Mel Bochner
Cited as the first Conceptual art exhibition and responsible for spawning decades of lousy Xeroxed artists’ books, Mel Bochner’s ‘Working Drawings and Other Visible Things on Paper Not Necessarily Meant To Be Viewed as Art’ (1966) is the bedrock of mid-century Conceptual art history. Ironically, the project was the result of an innocuous Christmas exhibition at the New York School of Visual Arts that Bochner, as an art history faculty member, was asked to curate. He collected drawings from his friends, conveying to them that the offerings needn’t be ‘art’ per se. Not satisfied with Bochner’s procurement of work, the gallery’s curator refused to spend money framing the submissions, so Bochner photocopied four sets of the 100 drawings, reduced them each down to standard paper size, inserted the sets into a binder and placed each binder on a pedestal.

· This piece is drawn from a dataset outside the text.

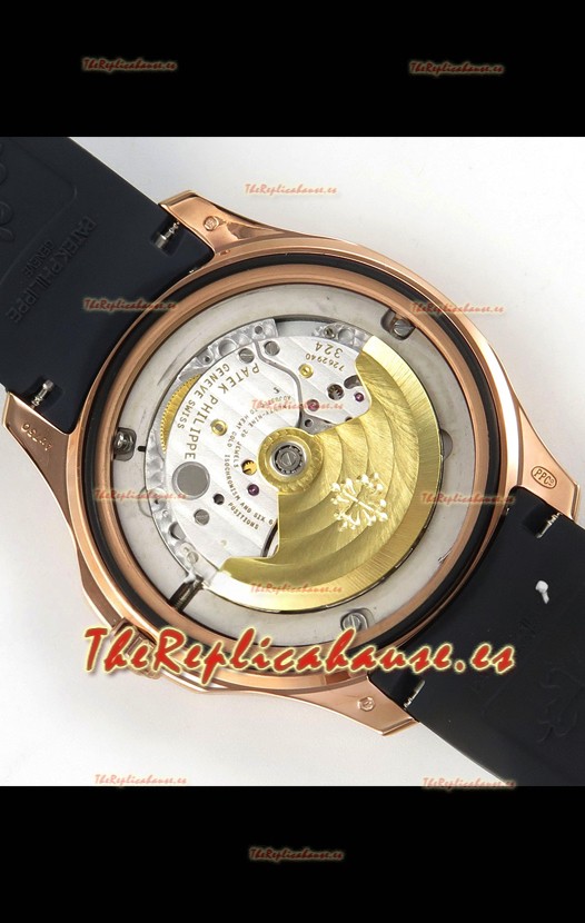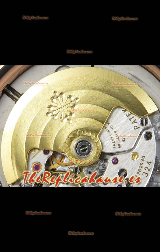Genuino Movimiento Suizo 9015 ensamblado para Parecerse al Auténtico Movimiento Estilo Patek Philippe PP SC324 Calibre. Rotor Actualizado, Puentes y Grabados en Movimiento.
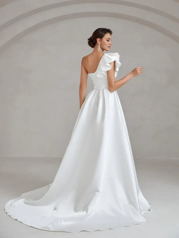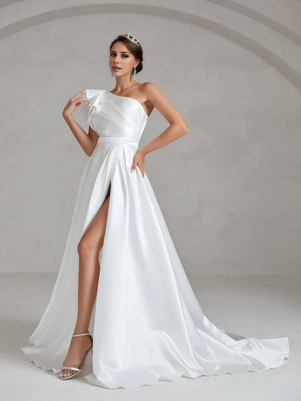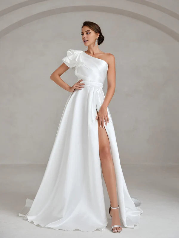 One shoulder satin side slit with ruffle edge and floor length wedding dress

In the exhibition ‘Mel Bochner: Language 1966–2006’ viewers could flip through these seminal books, comprising studio notes and working drawings by Sol LeWitt, Dan Flavin, John Cage and Donald Judd, among others. The Conceptual and historical weight of this piece are located in its attitude more than in its content. Like Bochner’s assessment of Minimalism at that time, the four identical black office-style archives signal a paradigm shift away ‘from the humanistic stammering of Abstract Expressionism, Happenings and Pop art’.

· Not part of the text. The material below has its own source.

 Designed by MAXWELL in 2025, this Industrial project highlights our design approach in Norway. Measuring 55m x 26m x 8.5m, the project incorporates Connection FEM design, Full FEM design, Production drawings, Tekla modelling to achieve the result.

Also included in this comprehensive and sometimes tedious exhibition of language-based research by Bochner was ‘The Domain of the Great Bear’, a collaboration with Robert Smithson published in Art Voices in the autumn of 1966. Here an oddly humorous and misleadingly fictional art project in the form of an essay about the Hayden Planetarium in New York, set within the pages of an art magazine, is an obvious critical gesture directed at the authority of authorship, originality and truth. Yet this piece is not without its poetic side. ‘The Domain of the Great Bear’ and Bochner’s word portraits, also from 1966, have sweetly ripened over the past 40 years. Where initially these works sat at the cusp of subversive critique, they now read as compelling literary exercises. For example, the four-inch-square ink-on-graph-paper Portrait of Eva Hesse (1966) embodies some of the Renaissance truths Bochner was pushing against. As in all his text portraits (Ad Reinhardt, Dan Flavin, Donald Judd, Eva Hesse, Robert Smithson, Sol LeWitt and a self-portrait are all included in the exhibition), Bochner employs a thesaurus to compile concentric circles of words that describe his subject. Despite his use of objective tools – lexicon and graph paper – Bochner’s little portraits are subjective, singular and emotionally tender.

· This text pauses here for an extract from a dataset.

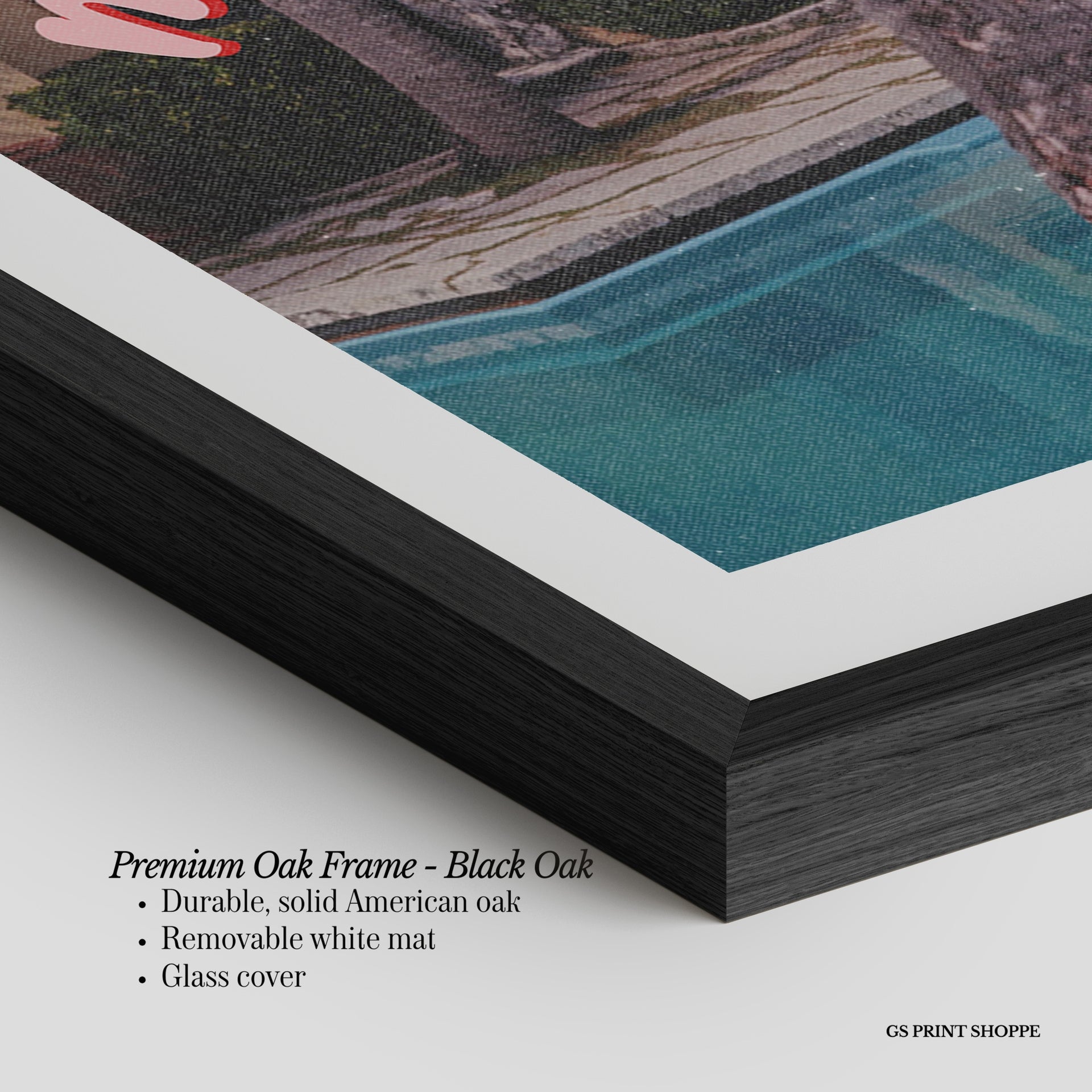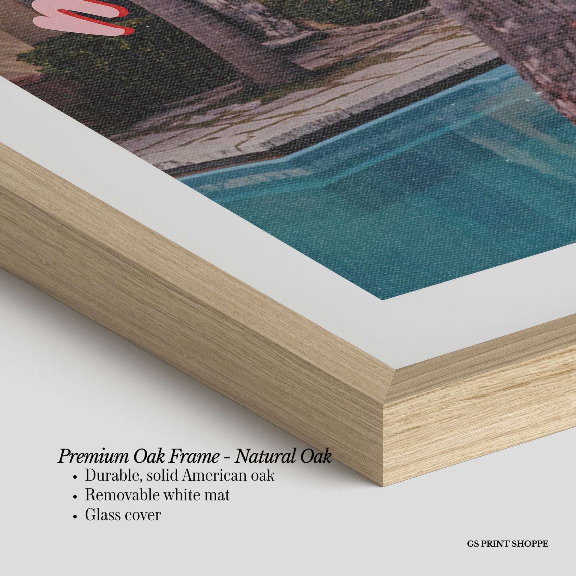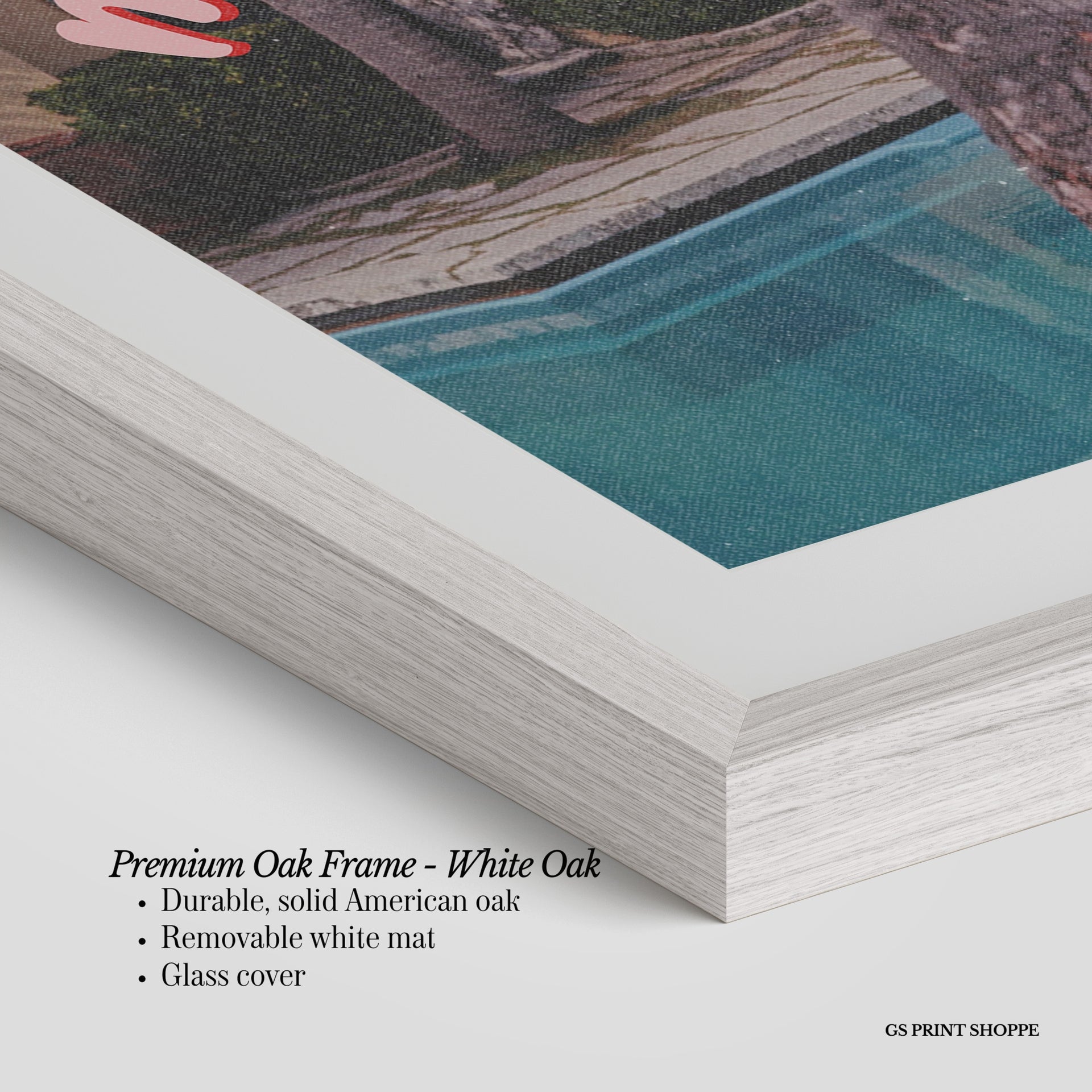 Premium Oak Frame: Our premium oak frame is crafted from solid American oak, offering a warm, natural feel with a high-end finish. We complete this elevated offering with a bright white removable mat and real glass for a versatile and polished look.

Language is Not Transparent (1970), a text written out in chalk on a painted section of wall, and Bochner’s prepositional sculpture works from the same year are ambitious attempts to give visual form to Wittgensteinian logic. The difficulty with much of these works runs parallel to that of Wittgenstein’s statement that ‘It is difficult to know something and to act as if you did not know it.’ Bochner regularly asks the viewer to act as if they didn’t understand his logistic inquiries into objective truths. Much of his work comes across as pretentious and impenetrable when it is often obvious and simple. Take, for example, Axiom of Indifference (1973), where Bochner employs tape to square-off areas that contain pennies. Denotations written on the tape correspond to the location and proximity of the coins on the floor. ‘SOME ARE IN’, ‘SOME ARE OUT’, ‘ALL ARE OUT’, ‘ALL ARE IN’ further the practice of ‘reading’ visual language over ‘seeing’ visual language.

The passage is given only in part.